Иосиф, он же Берек Йоселевич, испустил возглас отчаяния.

- Да Вы не тушуйтесь, юноша! Мне, положим, здесь всё понятно. «Медвежонок» - это первый муж Вашей коханочки. «М.» - это, конечно, я. «Ю-А» - это, понятное дело, Жозеф-Анри Понятовский, племянник короля Польши, и любовник пани Гонораты. Странный господин Б. – это Вы, милейший, ибо Вы здесь Берек!  Осталось выяснить, кто же эти пан С., и благородный пан с курносым носом. Похоже, у нашей любезной пани новая пассия. Ведь Понятовский отнюдь не курнос, даже, напротив, имеет предлинный нос с горбинкой. – Пан М. тихо рассмеялся. Покачивая головой. – А что, собственно, Вас  так беспокоит?

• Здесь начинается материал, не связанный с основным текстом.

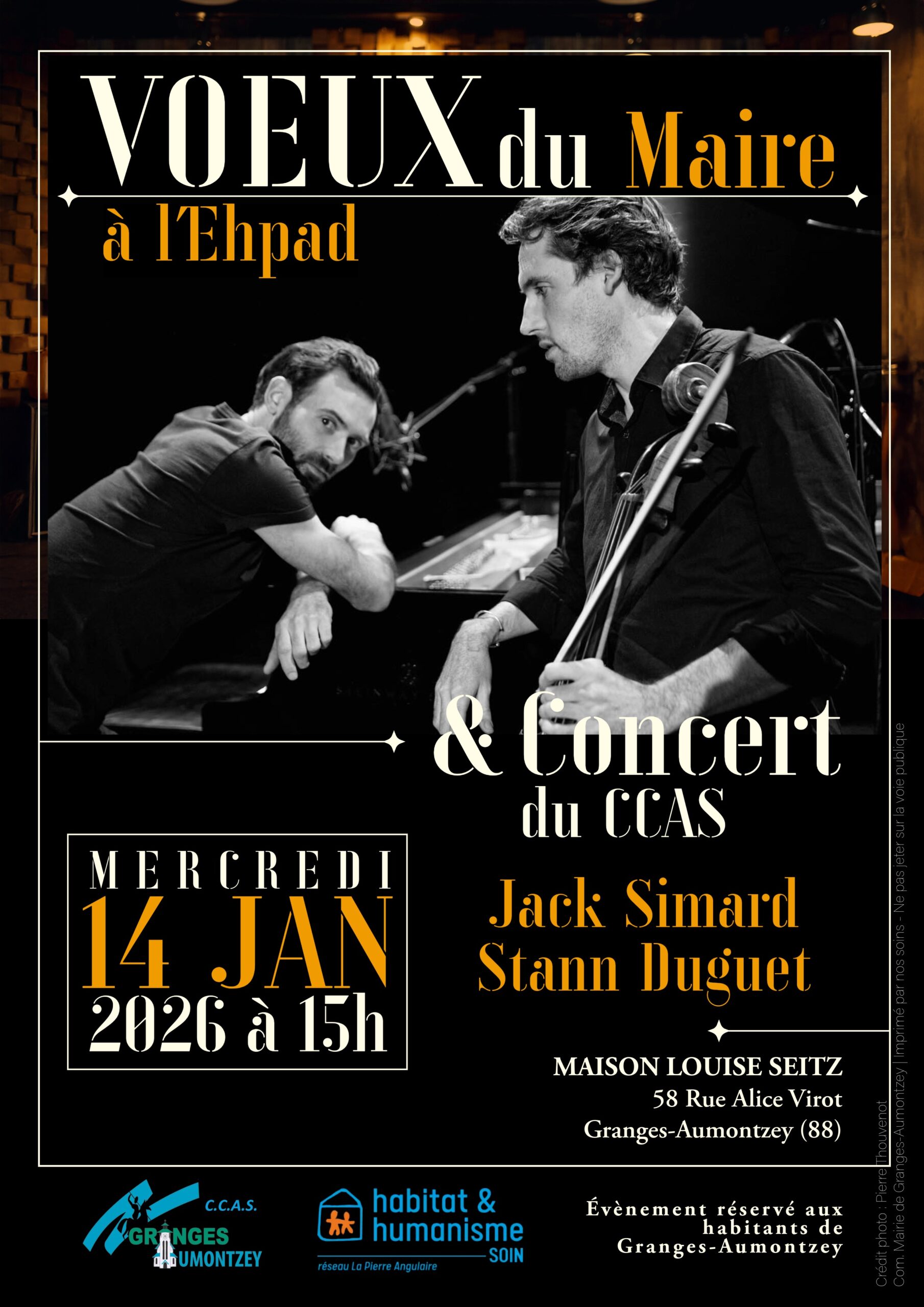 Voeux du Maire aux ainés et goûter du CCAS : Mercredi 14 Janvier 2026 à 15h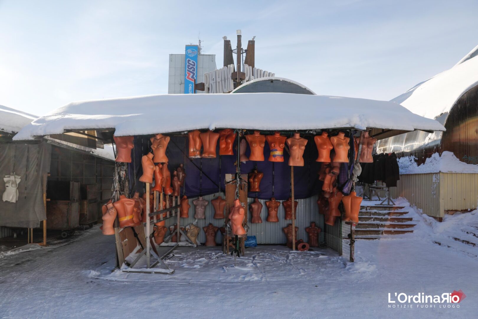 Le giornate passano a camminare e fotografare la città, voglio esplorare le strade, i cortili, i negozi e vedere come scorre la vita ordinaria. Diciamo che a -30°C la vita all’aperto non è proprio vivace. Vado, come di consuetudine nei miei viaggi, al mercato centrale. Esternamente non lavora quasi nessuno, troppo freddo, solo qualche intrepido venditore di abbigliamento propone la sua merce. Internamente si sta meglio e si trovano i prodotti tipici russi. Pomodori, cetrioli, mele, arance, mandarini, insalata, il tutto accompagnato da banconi di latticini dove regna la smetana (crema acida) e il tvorog (una formaggio dalla consistenza simile alla ricotta fresca). Il pesce è praticamente tutto surgelato, non potrebbe essere diversamente, le navi non possono salpare. Salmone, trota, platessa e carpe sono i pesci più comuni e poi il caviale rosso, quello nero è troppo caro, non è acquistabile dalle persone comuni. Qualche bancone di carne e il mercato è tutto qui, c’è tutto l’indispensabile.

- Я отдал ей Венец Болеслава. Рассчитывая, что она передаст его молодому Понятовскому, своему любовнику. Она сама обещала мне, что отдаст его тому, кто возродит Великую Польшу. Но теперь вижу, что она собралась отдать венец вообще неизвестно кому.


Добродушное лицо пана М. мгновенно преобразилось. Благостность и безмятежность мгновенно слетели, как осенние листья с мостовой. Глаза превратились в узкие щелочки. Пан М. быстро окинул взглядом гостиную, в которую ввалился, ни свет ни заря, этот длинноногий пан.

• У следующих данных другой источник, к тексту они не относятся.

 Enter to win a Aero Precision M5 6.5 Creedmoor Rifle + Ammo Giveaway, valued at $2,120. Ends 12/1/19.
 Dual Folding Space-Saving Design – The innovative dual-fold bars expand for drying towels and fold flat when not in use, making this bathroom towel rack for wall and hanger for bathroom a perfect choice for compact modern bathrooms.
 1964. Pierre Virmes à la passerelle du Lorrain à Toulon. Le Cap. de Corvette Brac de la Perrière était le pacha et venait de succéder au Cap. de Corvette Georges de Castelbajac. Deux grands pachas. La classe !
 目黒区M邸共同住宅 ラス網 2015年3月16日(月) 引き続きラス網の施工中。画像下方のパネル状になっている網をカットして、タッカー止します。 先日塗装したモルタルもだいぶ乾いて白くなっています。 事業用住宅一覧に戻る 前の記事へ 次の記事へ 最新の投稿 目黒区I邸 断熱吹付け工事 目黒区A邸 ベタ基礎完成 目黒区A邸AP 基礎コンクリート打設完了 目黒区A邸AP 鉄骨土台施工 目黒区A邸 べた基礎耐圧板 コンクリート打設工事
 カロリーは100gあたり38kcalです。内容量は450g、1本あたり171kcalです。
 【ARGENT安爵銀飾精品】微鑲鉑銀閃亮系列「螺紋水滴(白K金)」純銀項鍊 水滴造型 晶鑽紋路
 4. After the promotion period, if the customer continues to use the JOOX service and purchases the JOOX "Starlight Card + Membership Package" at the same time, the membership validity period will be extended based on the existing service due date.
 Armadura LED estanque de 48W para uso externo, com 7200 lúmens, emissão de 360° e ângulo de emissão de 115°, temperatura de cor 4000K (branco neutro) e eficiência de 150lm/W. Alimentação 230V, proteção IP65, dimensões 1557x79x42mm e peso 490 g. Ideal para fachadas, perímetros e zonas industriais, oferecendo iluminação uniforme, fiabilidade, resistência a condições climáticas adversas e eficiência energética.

- Нужно снарядить погоню. Мне понадобится пара человек, лошади, и… И я не знаю, кто этот… К кому она поехала. Ни камердинера, ни служанки в доме нет, и нет со вчерашнего утра. – Иосиф-Берек нахмурился, и глубокая складка пролегла между его густыми бровями.


- Поди, сыщи в Польше курносого пана, -  Пан М. надул щеки, и шумно выдохнул воздух и обхватил голову руками.